- _EXERCISE DIRECTIONS_: Everything in the listing below must be reproduced exactly, apart from its images.

- _DATASET EXTRACT_:

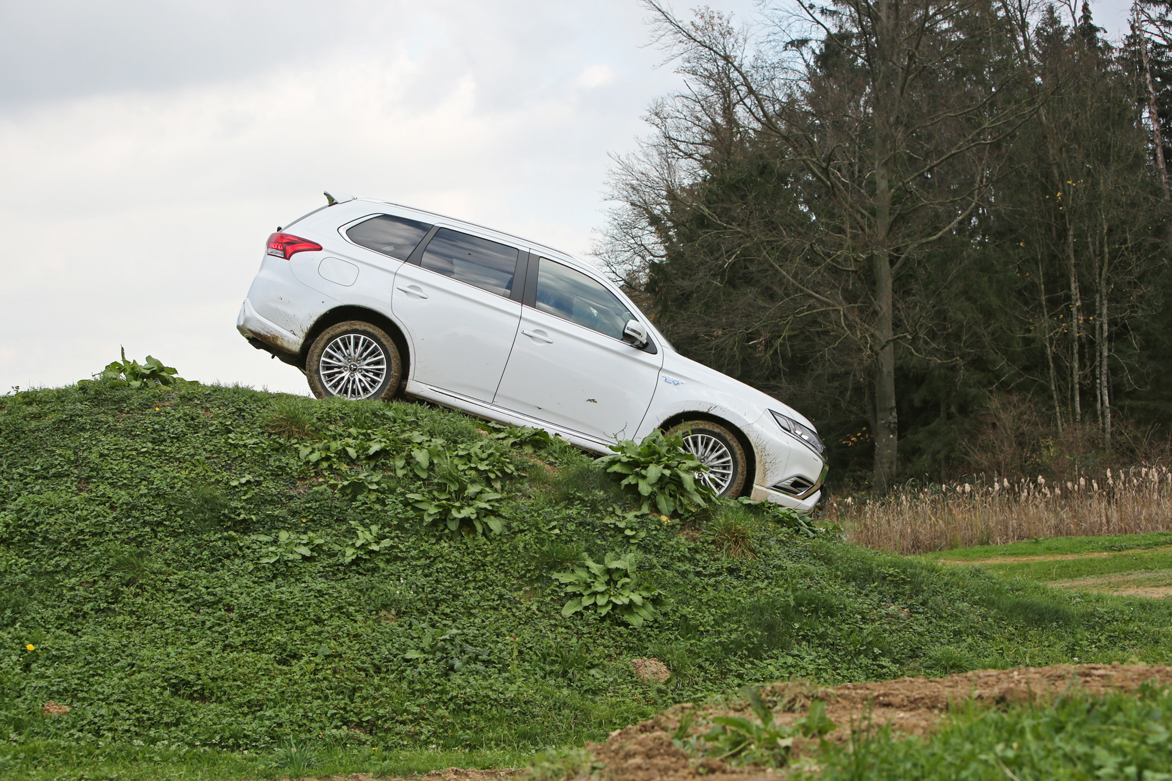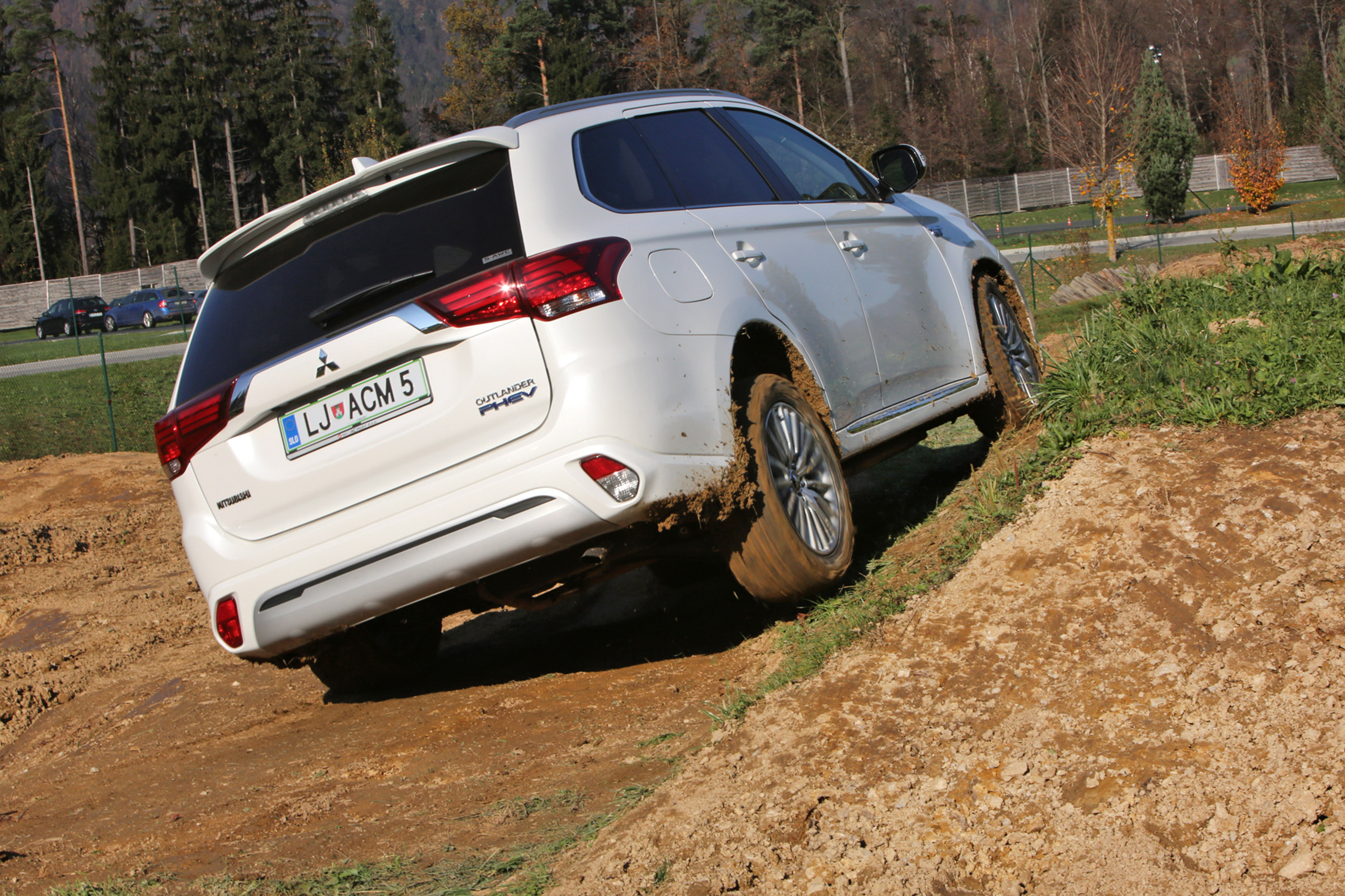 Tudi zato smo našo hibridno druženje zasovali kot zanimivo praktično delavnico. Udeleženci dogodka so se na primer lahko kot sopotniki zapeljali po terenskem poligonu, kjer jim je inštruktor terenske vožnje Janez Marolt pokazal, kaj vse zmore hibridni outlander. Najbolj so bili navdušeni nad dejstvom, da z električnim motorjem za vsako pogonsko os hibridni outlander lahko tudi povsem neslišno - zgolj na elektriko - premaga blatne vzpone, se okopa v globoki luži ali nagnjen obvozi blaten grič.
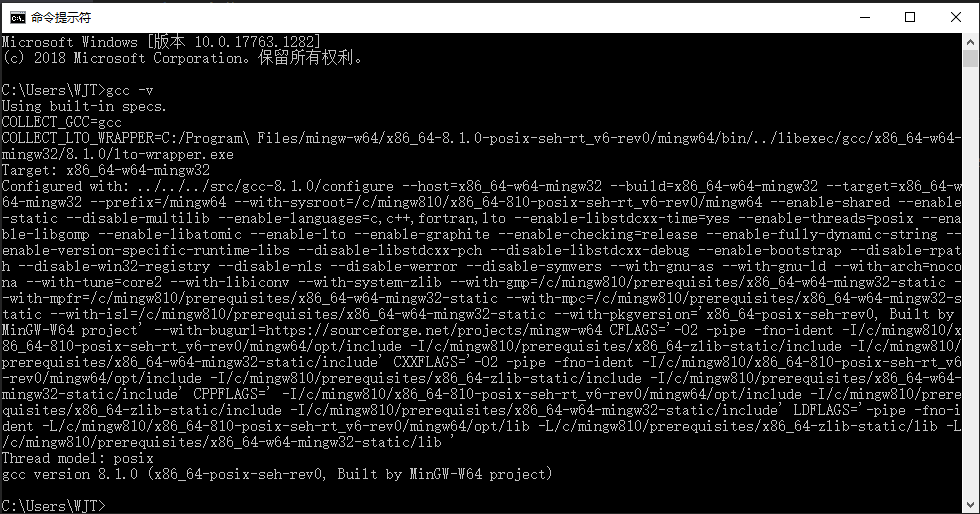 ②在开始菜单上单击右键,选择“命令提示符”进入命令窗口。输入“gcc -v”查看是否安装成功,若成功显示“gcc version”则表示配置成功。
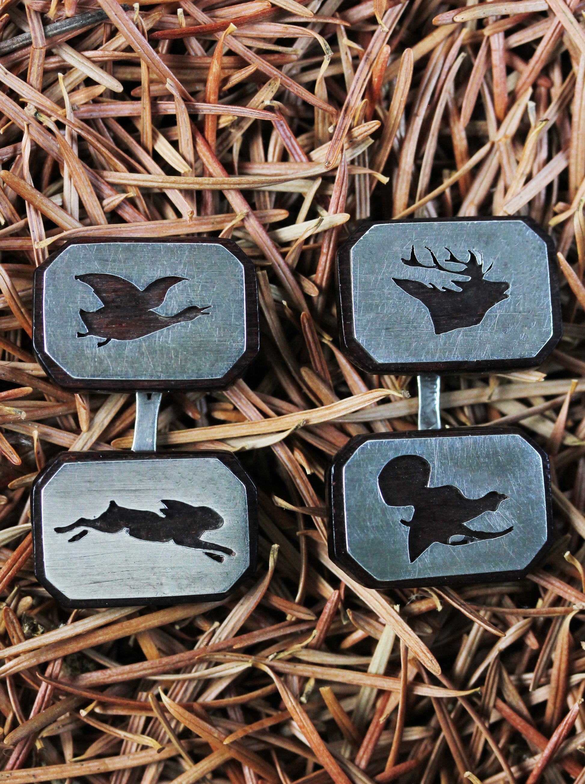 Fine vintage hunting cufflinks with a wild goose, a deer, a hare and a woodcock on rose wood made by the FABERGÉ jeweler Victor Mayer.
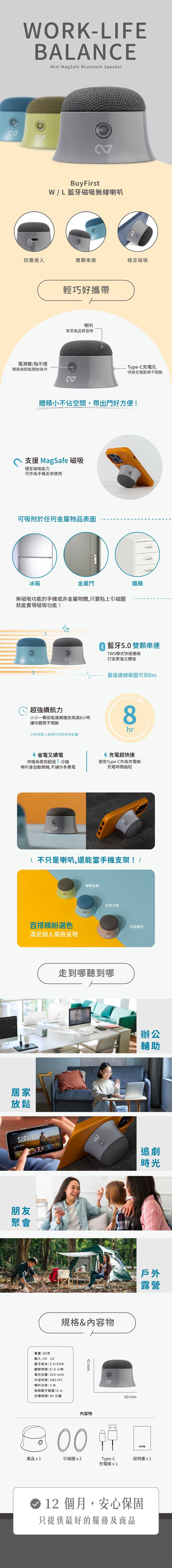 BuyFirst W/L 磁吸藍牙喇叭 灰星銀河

- _THE COMPLETED TASK_:
 Tudi zato smo našo hibridno druženje zasovali kot zanimivo praktično delavnico. Udeleženci dogodka so se na primer lahko kot sopotniki zapeljali po terenskem poligonu, kjer jim je inštruktor terenske vožnje Janez Marolt pokazal, kaj vse zmore hibridni outlander. Najbolj so bili navdušeni nad dejstvom, da z električnim motorjem za vsako pogonsko os hibridni outlander lahko tudi povsem neslišno - zgolj na elektriko - premaga blatne vzpone, se okopa v globoki luži ali nagnjen obvozi blaten grič.
 ②在开始菜单上单击右键,选择“命令提示符”进入命令窗口。输入“gcc -v”查看是否安装成功,若成功显示“gcc version”则表示配置成功。
 Fine vintage hunting cufflinks with a wild goose, a deer, a hare and a woodcock on rose wood made by the FABERGÉ jeweler Victor Mayer.
 BuyFirst W/L 磁吸藍牙喇叭 灰星銀河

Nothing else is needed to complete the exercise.